# Tank divider idea...



## PitGurl (Feb 22, 2011)

I'm trying out this idea for tank dividers. I have no clue if it will work but here is what I did.

I found these things called plastic U clips in the office section at walmart. Then I got some little suction cups for airlines at petco along with some aquarium sealant. I cut the part that holds the airline off the suction cup and the glued the u clips to them with the sealant. The tank divider can then slide into the U clips and be stuck to the aquarium. For something more permenent you could glue the U clips to the glass.


----------



## Cravenne (Dec 20, 2010)

Interesting...

I'd be a little concerned about the edge of the suction cup and the beginning of the blue piece leaving an opening for nosy Bettas. 

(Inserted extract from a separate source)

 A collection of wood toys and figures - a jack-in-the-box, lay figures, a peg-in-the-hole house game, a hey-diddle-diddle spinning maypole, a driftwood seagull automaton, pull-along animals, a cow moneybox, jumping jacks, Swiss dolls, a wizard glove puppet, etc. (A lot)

Would love to see a pic of it all set up.


----------



## PitGurl (Feb 22, 2011)

Yeah I thought about that. It be a pretty tight squeeze but there is always one betta who will get himself/herself into trouble.

Another concern I had was the suction cups not staying stuck. 

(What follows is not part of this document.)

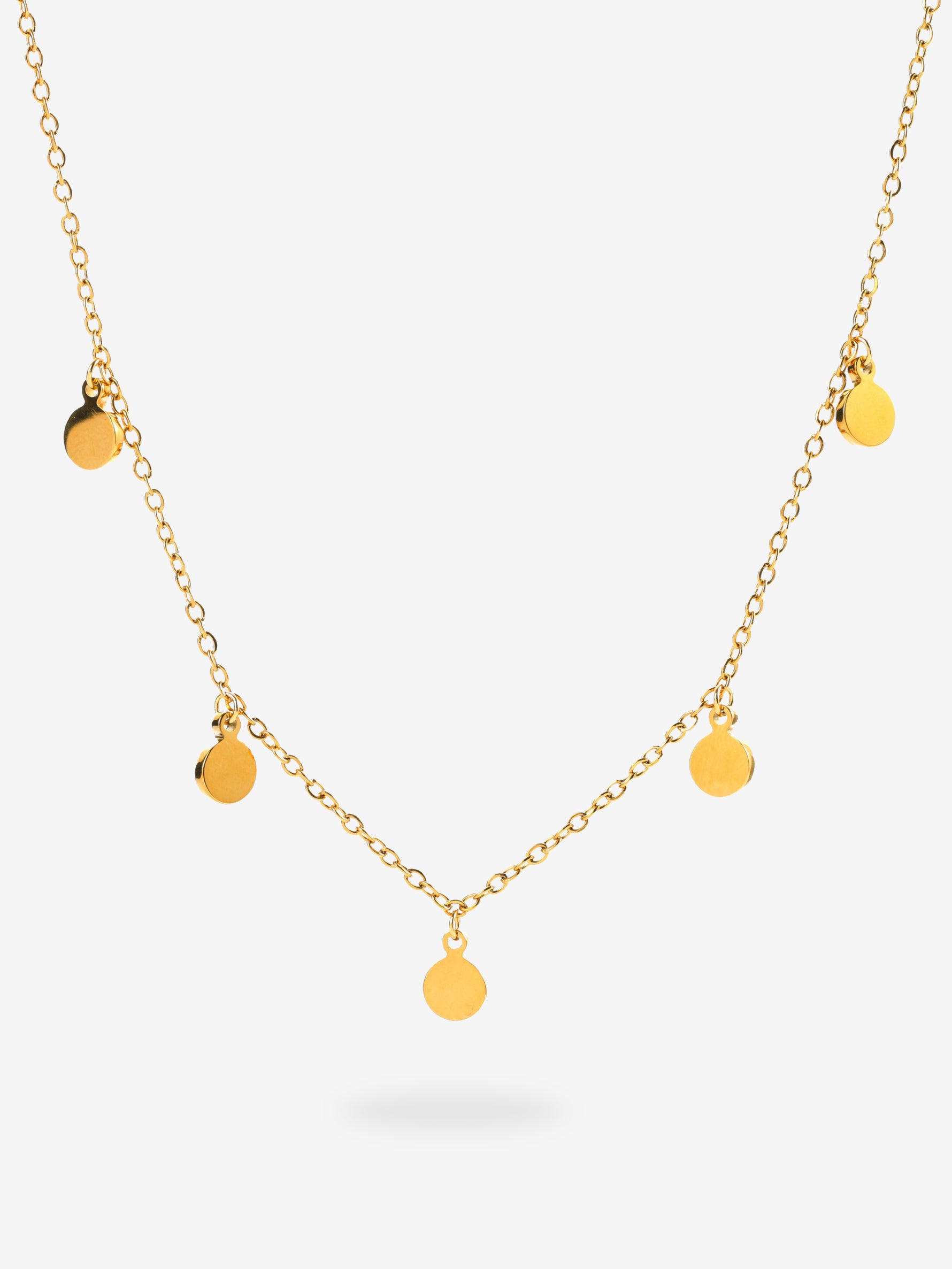 Die Kaira Kette bringt genau dieses leichte Funkeln, das jedes Outfit sofort lebendiger macht. Fünf kleine Plättchen setzen feine Lichtakzente und bewegen sich bei jedem Schritt mit dir – subtil, feminin, modern. Ein Piece, das man nicht erklären muss, weil es sofort wirkt.

I'm going to test for a day before I add any fish.


----------



## Littlebittyfish (Jan 5, 2011)

I think gluing the u clips to the glass might be safer, that way theres no gaps at the sides.Or you could cut the mesh to go around the suction cups.I really like this idea though. I am going to have to look for some of those U clips for when I get a bigger tank.


----------



## k2ofcu (Feb 5, 2011)

PitGurl said:


> Yeah I thought about that. It be a pretty tight squeeze but there is always one betta who will get himself/herself into trouble.
> 
> Another concern I had was the suction cups not staying stuck.
> 
> I'm going to test for a day before I add any fish.

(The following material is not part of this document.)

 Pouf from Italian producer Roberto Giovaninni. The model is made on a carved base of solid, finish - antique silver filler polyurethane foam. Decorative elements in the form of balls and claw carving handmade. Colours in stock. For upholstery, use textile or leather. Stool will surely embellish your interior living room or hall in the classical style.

Thanks for that other link (for the $1.70 clips?) and this one.
LOVE the creative use of common things for unusual uses!


----------



## PitGurl (Feb 22, 2011)

Well this idea was a blow. The U clips didn't stick to the sealant and came off the suction cups. Now I'm going to try gluing the U clips directly to the tank. Another 24 hours of drying time. My poor boys are not happy with me cuz there having to stay in little temp tanks.


----------



## Cravenne (Dec 20, 2010)

Sealant didn't work? Hmm...what kind of glue are you using?


----------



## PitGurl (Feb 22, 2011)

It's aqurium sealant. The U clips came right off the glue.


----------



## Littlebittyfish (Jan 5, 2011)

PitGurl said:


> It's aqurium sealant. The U clips came right off the glue.


Did you try using a nail file or sand paper to rough up the side on the u clip you want glued a little bit? It might hold a little better that way.


----------



## tsoto80 (Nov 26, 2010)

This would be a great idea if it would work! I wonder if there is something similar already made like this since the clips wont stay on the suction cups.....I know there is hooks on suction cups but that would not be safe in a tank


----------



## TXsouthrngrl (Feb 27, 2011)

Hmm, I wonder if there could be a way to attach the tubing to the divider and use the tubing suction cups without breaking off that part. I guess if it was plastic mesh, you could cut down the tubing and sew it on with fish line or something.

Sorry...just thinking out loud. I'm thinking of doing the same thing on a 10 so I'm waiting for you guys to perfect it so I can steal your idea...lol )


----------